Wednesday was the high of the week, opening at 403.35 c/lb, hitting a massive 418.05 c/lb, before closing at a still substantial 413.60 c/lb. A trading range of 15.05 c/lb, and the highest the market hit in two weeks.
Thursday saw a sharp reversal of the previous day’s rally, retreating after failing to sustain follow-through buying at the high levels seen on Wednesday. Open was 415.50 c/lb, close to the high of 416.25 c/lb, and close was 395.75 c/lb, which was also the low of the day.
Friday saw another reversal, with the market rallying once more. Although not before bouncing between 393.65 c/lb and 412.65 c/lb. The largest daily range of the week at 19 c/lb. Friday also saw the first day of the commodity index fund rolling period, which will continue until Thursday, 13th November.

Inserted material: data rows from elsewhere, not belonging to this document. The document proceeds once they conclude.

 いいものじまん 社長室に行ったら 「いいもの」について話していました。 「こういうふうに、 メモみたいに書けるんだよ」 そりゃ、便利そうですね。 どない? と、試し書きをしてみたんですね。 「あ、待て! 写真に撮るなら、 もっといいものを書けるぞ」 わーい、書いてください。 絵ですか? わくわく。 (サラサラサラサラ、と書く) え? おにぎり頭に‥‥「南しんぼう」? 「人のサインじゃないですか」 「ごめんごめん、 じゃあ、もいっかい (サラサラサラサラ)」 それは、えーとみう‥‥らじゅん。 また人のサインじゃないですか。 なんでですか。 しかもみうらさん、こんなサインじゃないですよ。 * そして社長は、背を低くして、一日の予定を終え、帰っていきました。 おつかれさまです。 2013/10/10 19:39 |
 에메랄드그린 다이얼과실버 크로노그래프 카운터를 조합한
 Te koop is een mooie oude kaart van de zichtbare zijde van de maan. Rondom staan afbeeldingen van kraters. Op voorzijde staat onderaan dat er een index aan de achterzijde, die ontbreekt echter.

Overall, the week trended bullish, closing at 407.80 c/lb, 15.05 c/lb higher than open. Although the degree of volatility in the market day to day was very high. Much of the movement in this reporting period has been driven by speculators, with many of the industry buyers remaining largely on the sidelines.
Origin
Weather in Brazil is currently looking promising, there has been enough rain for the flowers to set, meaning the outlook for the 26/27 crop is positive, with some even suggesting it will be a record-breaking crop! However, the tariff issue has yet to be resolved. A meeting between Lula and Trump took place on 26th October at the Association of Southeast Asian Nations (ASEAN) Summit in Kuala Lumpur, which was described as “constructive” and further negotiations between the US and Brazil are to take place.

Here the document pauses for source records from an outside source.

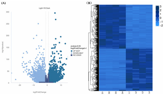 Differential gene expression profiles. (A) Upregulated (dark blue) and downregulated (sky blue) DEGs between light and darkness treatments (L1-L2-L3-L4 vs. D1-D2-D3-D4). The horizontal dashed line indicates the significance threshold (a p-value of <0.05). (B) Hierarchical clustering of the DEGs between light and darkness treatments (L1–L4 and D1–D4).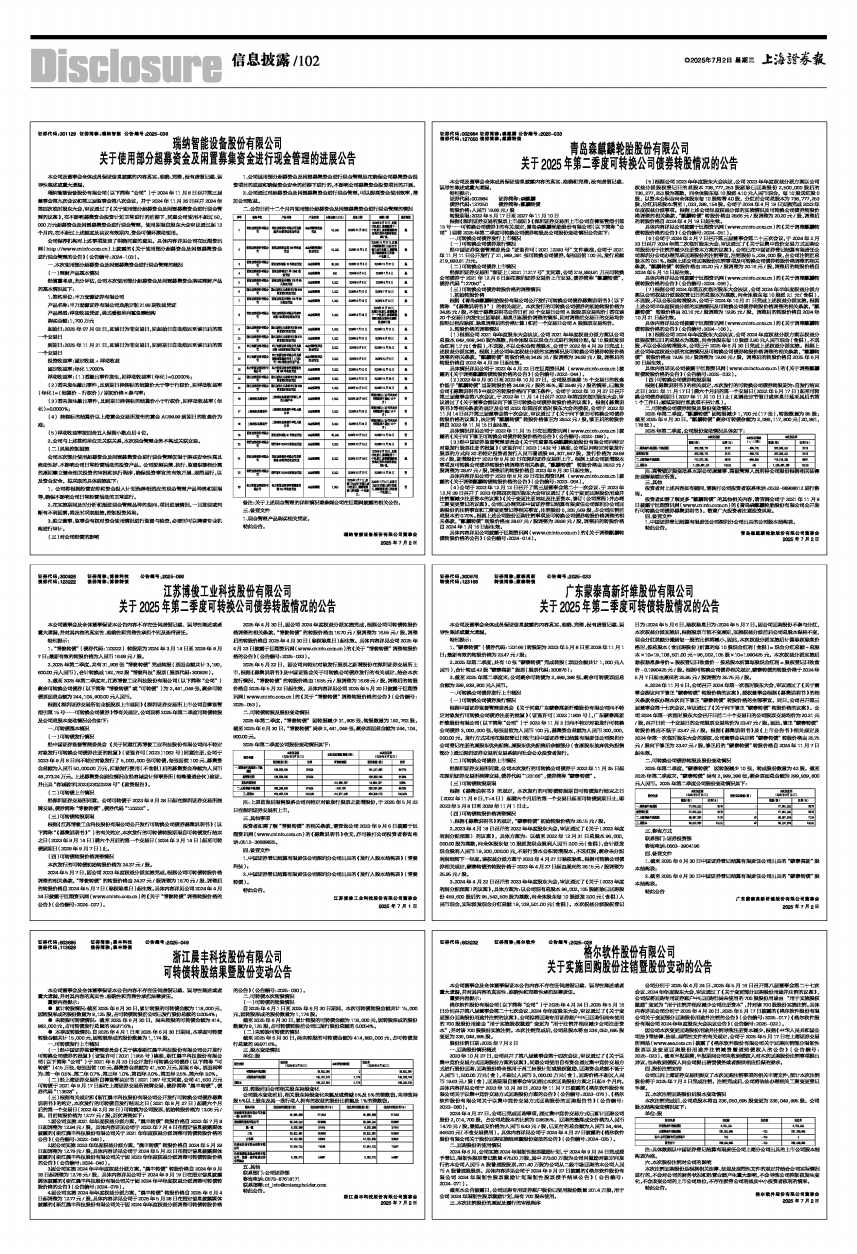 3、截至2025年第二季度末,公司剩余可转债为2,999,398张,剩余可转债票面总金额为299,939,800元人民币。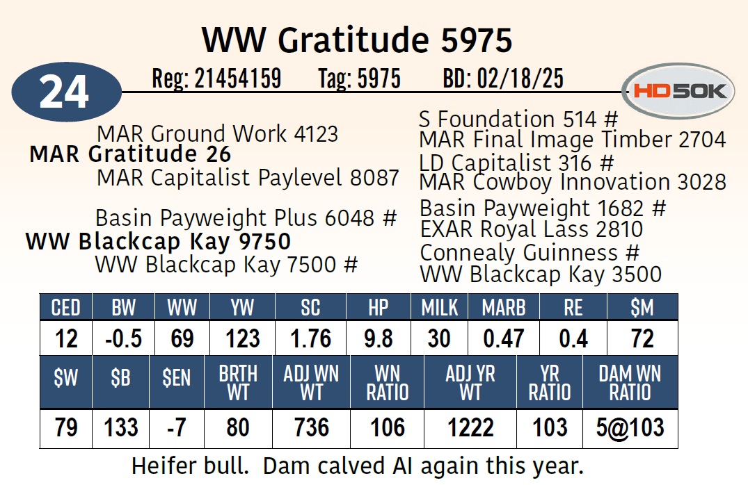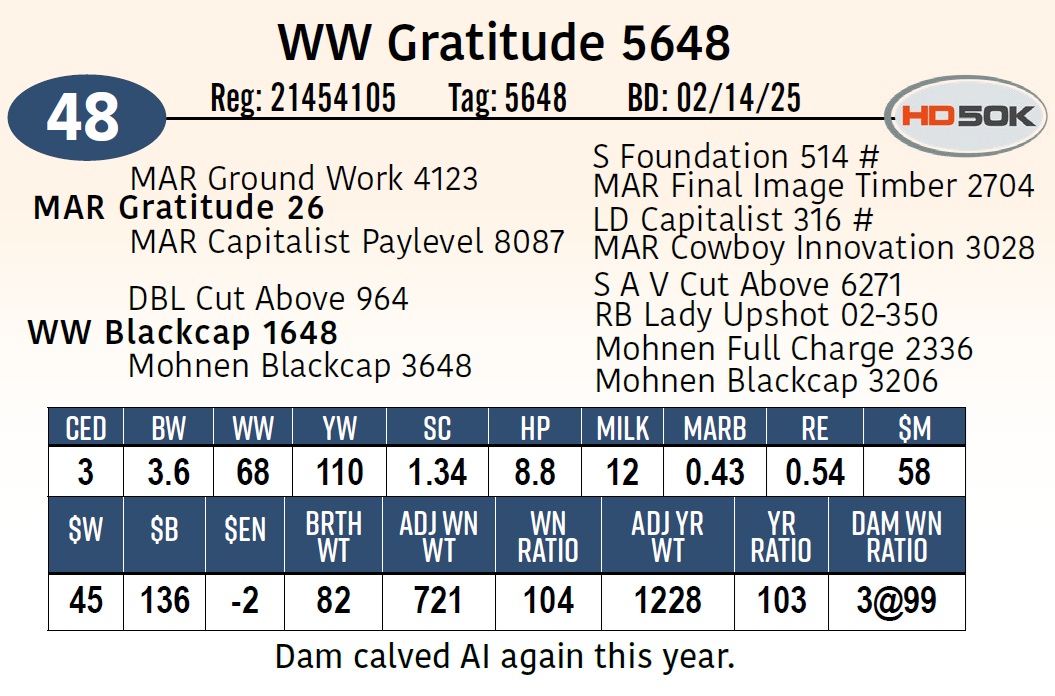 | WW Gratitude 5648 | 48 | Yearling Bull | Dam calved AI again this year |

In the US, the Senate has also passed legislation to overturn the tariffs against Brazil, with the Senate passing this measure 52 votes to 48, with support from both Republicans and Democrats. This bill is currently with the House of Representatives, where it is expected to be stalled. The House is controlled by Republicans and has repeatedly voted against attempts to overturn Trump’s tariffs. The ongoing impact of the 50% on Brazil is that producers and exporters are holding back as they are reluctant to sell, slowing the flow of coffee.
COT & Certified Stocks
October 1, 2025: During the shutdown of the federal government, Commitments of Traders Reports will not be published. When the federal government operations return to normal, CFTC will resume publication of the Commitments of Traders in chronological order.
Currency & Macro Outlook
DXY
The US Dollar remains under pressure as the US government shutdown continues. The longer it goes on for, the more likely the US economy will suffer as a result. This shutdown began on 1st October and has so far lasted 40 days (at the time of writing), making it the longest shutdown in US history. As a result of the shutdown many government services are suspended, and around 1.4 million federal employees are not being paid, some are working unpaid, others are not working. The impact is serious and widespread, including air travel and food benefits for over 41 million low-income Americans. The impact on the US Dollar has been that the DXY Index has been decreasing in value since 5th November, sitting at 99.60 by the end of the week, after hitting 100.36 on 5th.
GBP/USD
Sterling had a mixed week. Beginning the week at 1.313 GBP/USD, dropping on Wednesday to 1.301, and recovering by Friday and closing at 1.316.
EUR/USD
The Euro followed a similar pattern, opening 1.153, dropping to 1.146 on Wednesday, before recovering and closing at 1.156 on Friday. As both currencies experienced similar fluctuations against the US Dollar, it is likely these moves were driven more by USD fluctuations than GBP or EUR.